A truer statement Lilly had yet to hear, but it didn’t lessen the fact that Belle’s plan was fraught with danger. She wished briefly that she did not have other photographs to deliver, that she hadn’t promised a group of newsboys to take their pictures that day. Still, Belle had far more experience in dealing with men than she herself had, Lilly admitted. Or was likely to have. No doubt the young woman knew exactly what she was doing.
Lilly shouldered the camera once more. “I wish I could stay longer but…”
“I understand,” Belle assured. “Thank you so much for my photograph.”
“It was my pleasure. I hope the rest of your birthday is just as pleasurable,” Lilly said as she turned to retrace her steps down the alley.
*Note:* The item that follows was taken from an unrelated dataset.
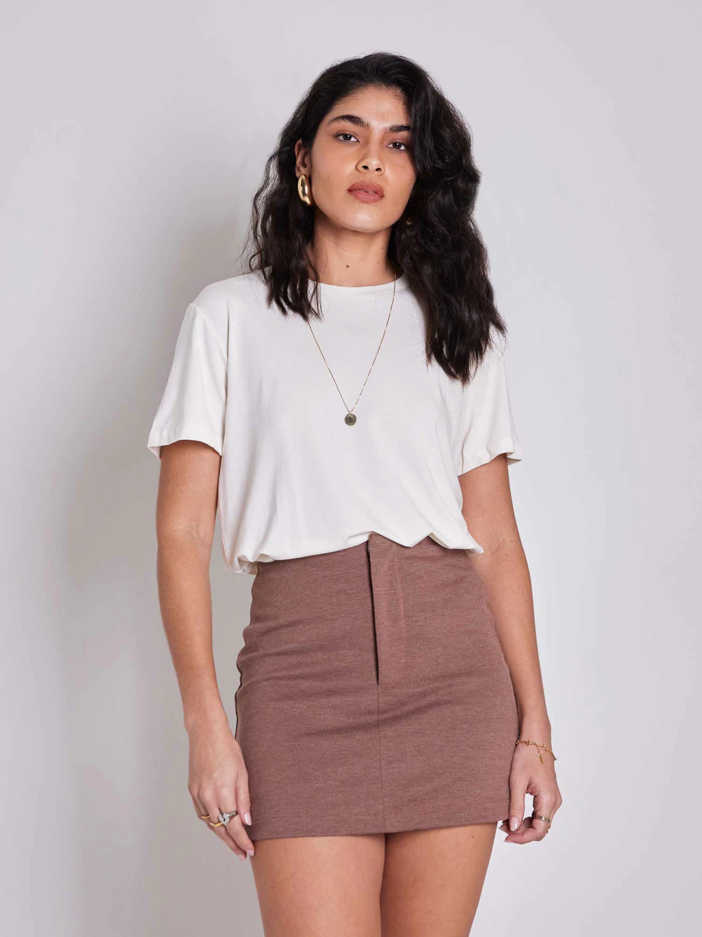 disponível em 3 cores neutras e versáteis, a t-shirt lisa funciona sozinha ou como base pra camadas de looks casuais a produções mais elaboradas, ela entrega estilo sem esforço — todos os dias da semana.
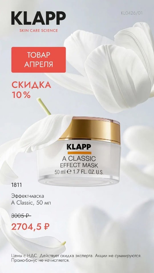 Для вас действует скидка 10% на любимый продукт Эффект-маску A Classic, 50 мл

“It will be, especially when I show my photograph to the other girls,” Belle called.
Lilly gave a quick wave, then rounded the corner onto the street, and Belle was lost to sight.
Belle’s plan continued to nag at Lilly. She’d barely taken a dozen steps, threading her way through the bustle on Pacific Street, when she decided nothing was more important than convincing Belle that blackmail was not the answer to her prayers. Despite the weight of the camera, she’d walk home, forgoing the luxury of an omnibus in order to spend her fare on tea and cakes for Belle. Somehow Lilly would find a way to convince the prostitute that there were other, less risky ways of leaving behind her life in the Coast and beginning anew without a grubstake gained through blackmail.